Geometric design of friction ring dampers in blisks using nonlinear modal analysis and Kriging surrogate model

Integrally bladed disks (blisk) have been widely used in the turbo-machinery industry due to its high aerodynamic performance and structural efficiency. A friction ring damper (FRD) is usually integrated in the system to improve its low damping. However, the design of the geometry of this FRD become complex and computationally expensive due to the strong nonlinearities from friction interfaces. In this work, we propose an efficient modelling strategy based on advanced nonlinear modal analysis and Kriging surrogate models to design and optimize the geometry of a 3D FRD attached to a high fidelity full-scale blisk. The 3D ring damper is parametrised with a few key geometrical parameters. The impact of each geometric parameter and their sensitivities to nonlinear dynamic response can be efficiently assessed using Kriging meta-modelling based on a few damped nonlinear normal modes. Results demonstrate that the damping performances of ring dampers can be substantially optimized through the proposed modelling strategy whilst key insights for the design of the rings are given.
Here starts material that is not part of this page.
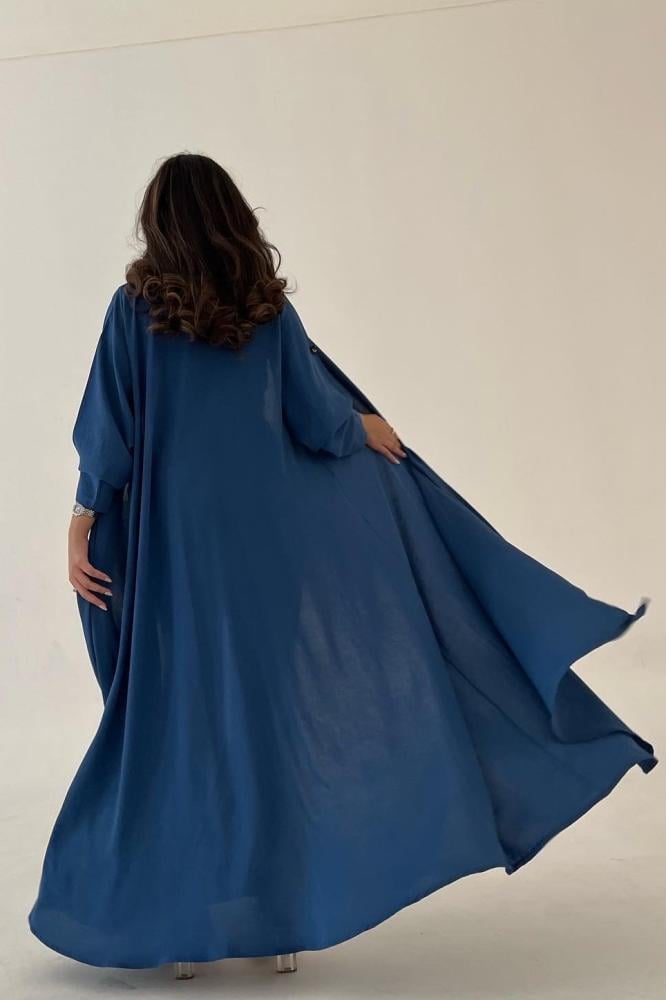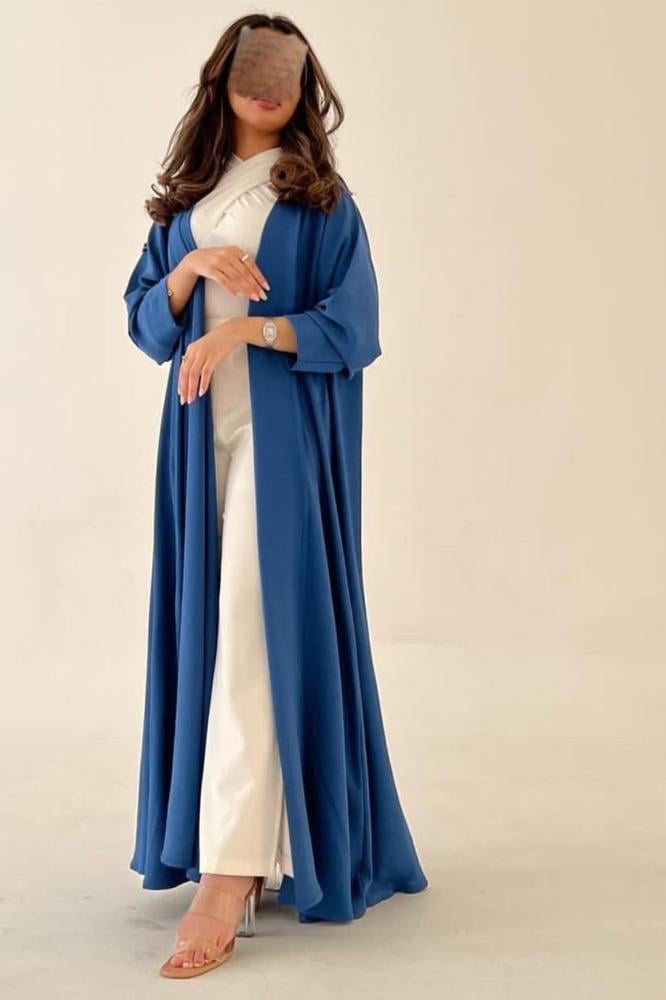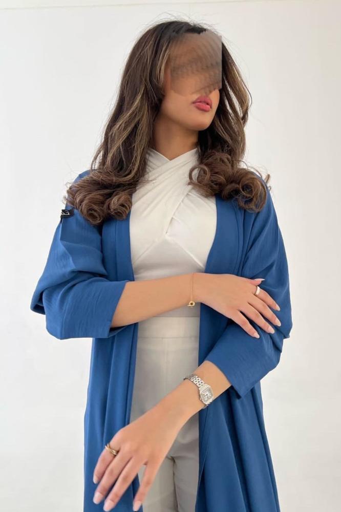 - لون العباية: أزرق فاتح + كريمي + اسود
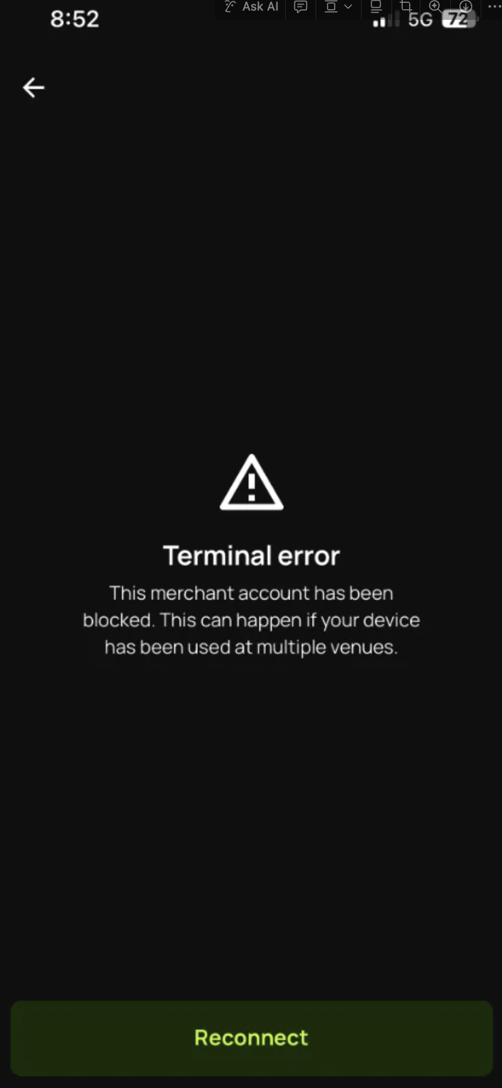 7. “This merchant account cannot be used to with the built-in card reader as it has been blocked. Contact support for details.”

It is also demonstrated that the distribution of the contact normal load on the contact interfaces has a strong influence on the damping performances and can be effectively tuned via the upper surface geometry of the ring dampers.

Automated summary

Integrally bladed disks (blisk) are widely used in the turbo-machinery industry due to their high aerodynamic performance and structural efficiency. However, the design of the friction ring damper (FRD) integrated in the system becomes complex and computationally expensive. In this study, an efficient modelling strategy based on advanced nonlinear modal analysis and Kriging surrogate models is proposed to design and optimize the geometry of a 3D FRD attached to a high fidelity full-scale blisk. The results show that the damping performances of ring dampers can be substantially optimized through this modelling strategy.